**What is needed**
The records that follow must be repeated exactly, except for their pictures.

**Data to process**
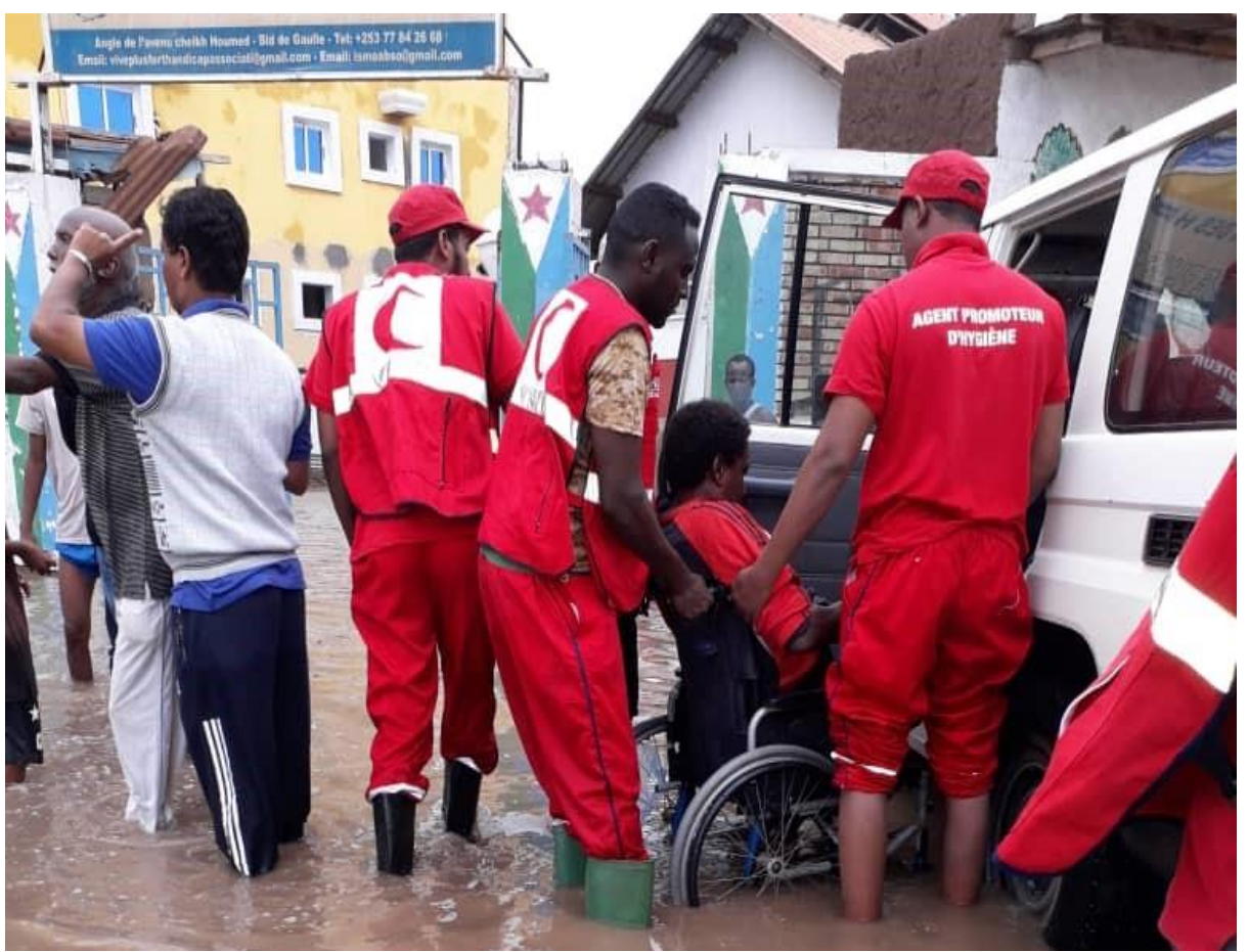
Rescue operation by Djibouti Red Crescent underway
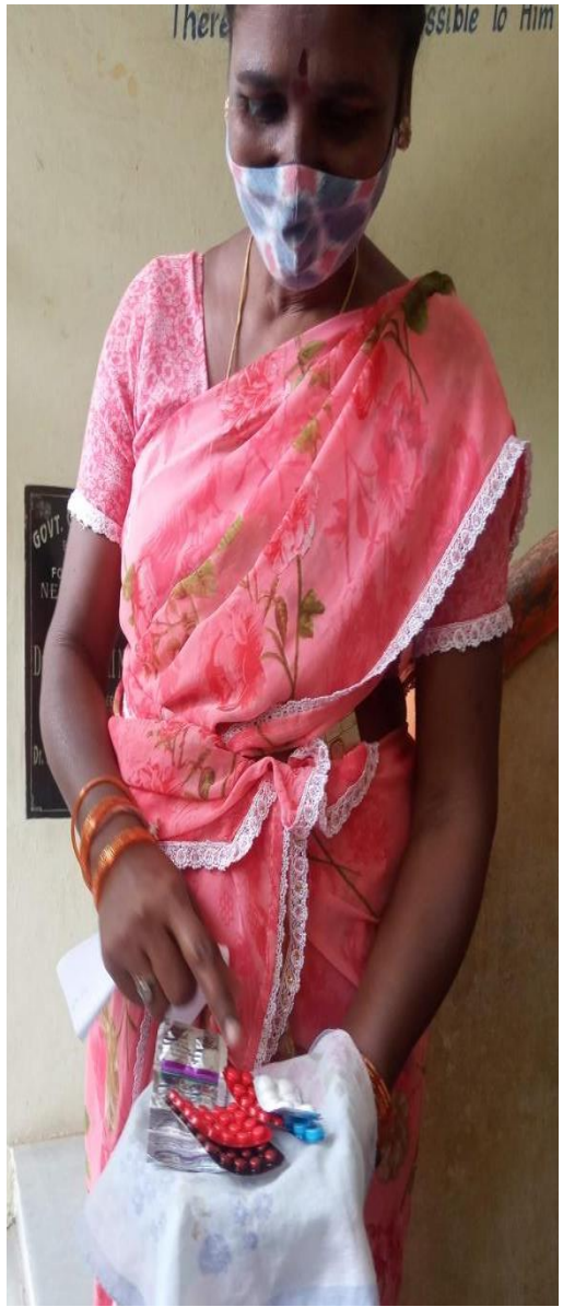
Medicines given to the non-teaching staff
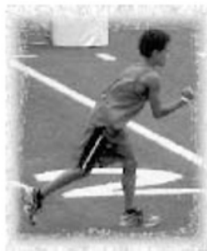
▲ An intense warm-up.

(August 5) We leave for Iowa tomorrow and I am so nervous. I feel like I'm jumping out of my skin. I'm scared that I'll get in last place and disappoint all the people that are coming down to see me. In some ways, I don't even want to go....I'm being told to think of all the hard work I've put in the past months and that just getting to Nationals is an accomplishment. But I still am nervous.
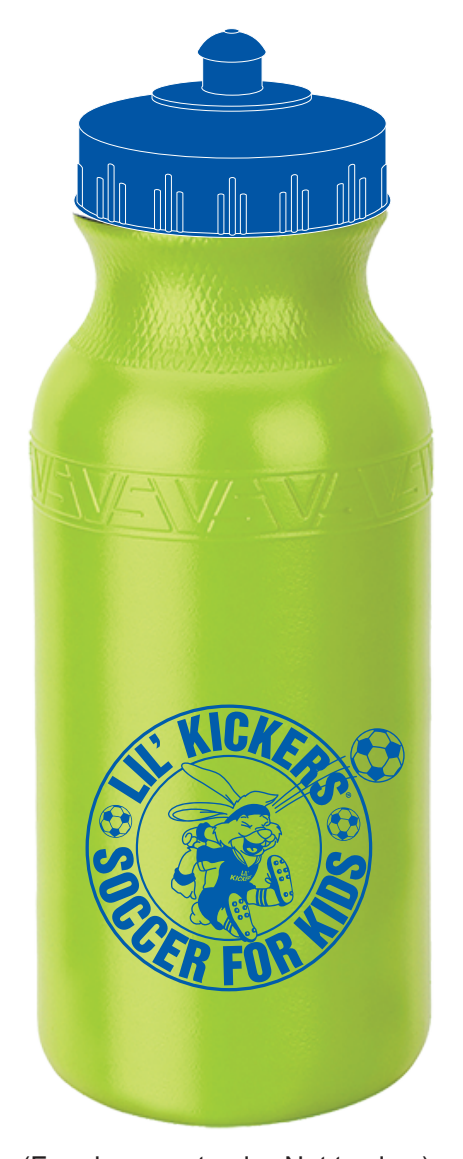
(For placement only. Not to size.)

**Response for this exercise**
Rescue operation by Djibouti Red Crescent underway
Medicines given to the non-teaching staff
▲ An intense warm-up.

(August 5) We leave for Iowa tomorrow and I am so nervous. I feel like I'm jumping out of my skin. I'm scared that I'll get in last place and disappoint all the people that are coming down to see me. In some ways, I don't even want to go....I'm being told to think of all the hard work I've put in the past months and that just getting to Nationals is an accomplishment. But I still am nervous.
(For placement only. Not to size.)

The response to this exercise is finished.